Harriet Law

On this date in 1831, Harriet Teresa Law (nĆ©e Frost) was born in County Essex, England. The daughter of a small farmer, she was raised as a Calvinist “Strict Baptist” and taught Sunday school. In the 1850s she began debating with freethinkers such as George Holyoake but in the process “saw the light of reason” in 1855 and embraced atheism and feminism and became a salaried speaker for the secularist movement while her husband Edward, also a freethinker, stayed home to care for their four children.

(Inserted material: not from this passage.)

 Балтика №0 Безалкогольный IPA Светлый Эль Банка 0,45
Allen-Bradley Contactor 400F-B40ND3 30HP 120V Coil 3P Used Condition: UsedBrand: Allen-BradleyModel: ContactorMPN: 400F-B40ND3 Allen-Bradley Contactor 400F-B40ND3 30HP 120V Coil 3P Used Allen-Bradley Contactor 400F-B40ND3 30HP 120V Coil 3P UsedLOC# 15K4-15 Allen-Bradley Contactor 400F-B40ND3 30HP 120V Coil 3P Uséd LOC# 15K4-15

Law was president of the Freethought League in 1869 and was repeatedly elected to (but declined) the position of vice president of the National Secular Society. She bought the Secular Chronicle in 1876 and edited the paper, assisted by her daughter, until 1879. She wrote In her first month as editor, “[T]he Bible does assign women a distinct, and what is worse, a subordinate sphere, rendering her subject to man in nearly every relationship of her life.” She gave the paper a broader scope and published profiles of women freethinkers but sold it because it was losing too much money.  

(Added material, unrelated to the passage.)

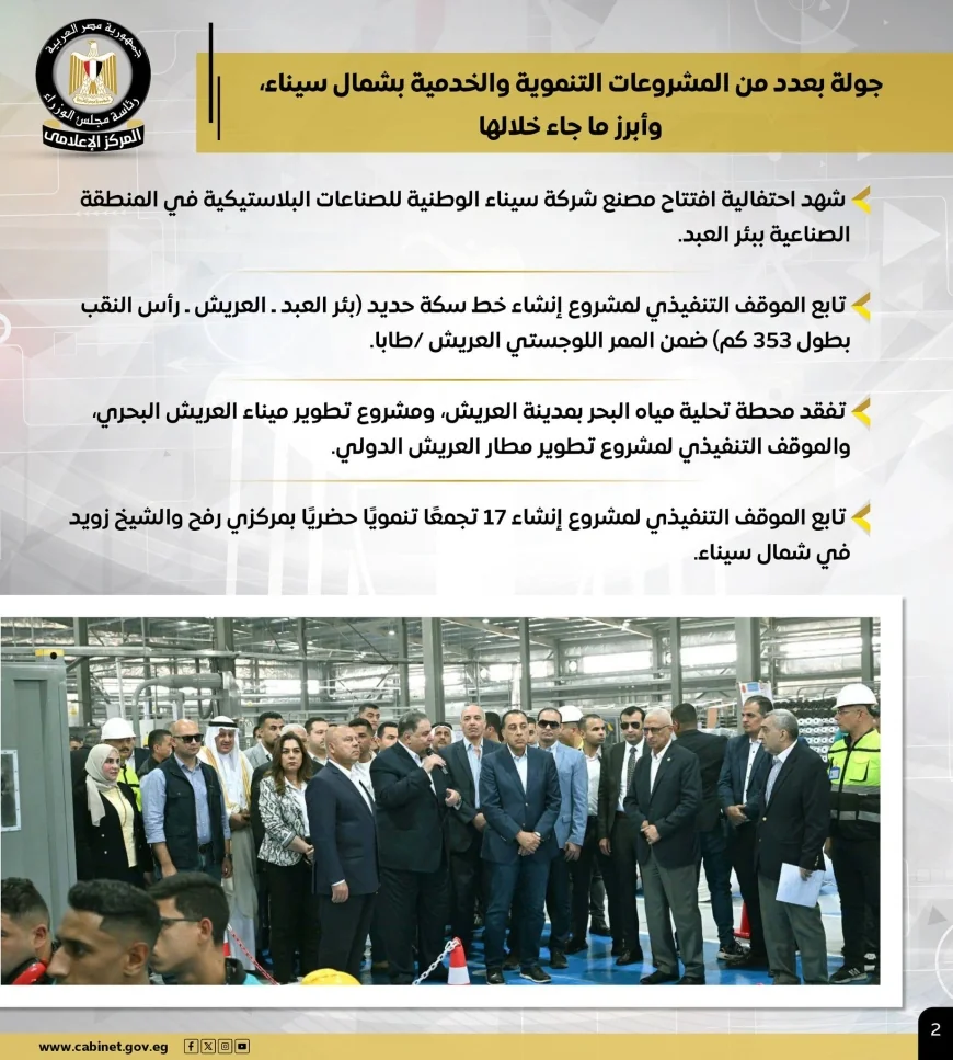 وفي إطار دعم جهود التنمية، أجرى رئيس الوزراء جولة موسعة في شمال سيناء، شملت متابعة وافتتاح عدد من المشروعات التنموية والخدمية.

Shortly after that, Law retired from public activities but remained a freethinker until her death. Her early retirement may have been due to ill health but was also partly a result of having been gradually edged out of the movement by Charles Bradlaugh, whose well-known hostility to socialism no doubt added to his already strained relationship with Law. She had also criticized his authoritarian style of leadership.

Eleanor Marx, Karl Marx’s daughter, said Law was one of the first women to recognize “the importance of a woman’s organisation from the proletarian point of view,” adding, “When the history of the labour movement in England is written, the name of Harriet Law will be entered into the golden book of the proletariat.” (Marx, Engels & Lapides, 1990.) She died of a heart attack at age 65 in 1897.